The investigated ProMRI leads were endocardial and bipolar, with steroid-eluting, fractally-coated iridium electrodes. The ICD leads were from the Linoxsmart ProMRI (DF-1 connector) and Protego ProMRI (DF-4 connector)17 families and had one shock coil (S models), two shock coils (SD models), or one shock coil and a floating atrial sensing dipole (S DX). The right atrial (RA) and right ventricular (RV) pacing leads were from the Solia S family, and coronary sinus leads from the Corox ProMRI OTW family (Table 1).
Study timelines are summarised in Fig. 1. All devices were interrogated in-house after implantation, at the 8-week follow-up, at the MRI procedure follow-up (immediately before and after MRI), and at the 1-, 3-, and 6-month post-MRI visits. All adverse events were recorded. The Home Monitoring option was used to collect pacing thresholds and sensing measurements and to monitor arrhythmia episodes automatically on a daily basis.

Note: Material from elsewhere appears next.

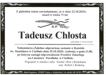 Zmarł śp. Tadeusz CHŁOSTA (lat 71) – (Golczowice). Pogrzeb śp. Tadeusza Chłosty odbędzie się w dniu 25 października 2025 r. Nabożeństwo żałobne o godz. 11.00 w Kościele Parafialnym … Czytaj całość

Immediately before study-specific MRI scans, the pulse generators were programmed into one of the available MRI modes to disable detection and therapy of ventricular tachyarrhythmia. Pacing was programmed to an asynchronous mode (V00/D00) or “OFF”. The MRI mode was chosen at the investigator’s discretion. During MRI scans, patients were continuously monitored by pulse oximetry, ECG, and/or blood pressure unit.

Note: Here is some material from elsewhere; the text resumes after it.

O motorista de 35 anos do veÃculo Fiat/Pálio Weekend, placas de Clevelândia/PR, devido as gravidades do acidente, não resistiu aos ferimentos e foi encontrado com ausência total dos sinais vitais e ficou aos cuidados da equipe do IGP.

The MRI scans consisted of head and lower lumbar MRI, two of the most common MRI examinations in medical practice. Siemens, Philips, and GE MRI systems were used, with cylindrical magnets and a static magnetic field strength of 1.5 T. Scanning sequences were predefined to ensure comparability between imaging sequences at different sites and MRI systems (Table 2), and to evaluate the implanted systems at the maximum allowed burden according to labelling conditions (footnote “a” of Table 2). Total MRI scan time per patient was close to but did not exceed 30 minutes, comprising 8–9 sequences for the head (≈16 minutes) and 6–7 sequences for the lumbar scan (≈14 minutes).
The patients were centred in the isocentre of the MRI system either at the level of the eyes (head scan) or at the trochanter (lower lumbar scan) (Fig. 2). The maximum slew rate and maximum specific absorption rate (SAR) were pre-specified in the study protocol (Table 2 footnote). All MRI sequences were designed to maximise SAR within the constraints of the “normal scanning mode”, i.e., maximum 2 W/kg for body MRI and maximum 3.2 W/kg for head scans. All head and lumbar sequences and all listed MRI scan conditions were tested and validated before study commencement on 1.5-T MRI systems from all three vendors (Siemens, Philips, GE) to ensure practicality.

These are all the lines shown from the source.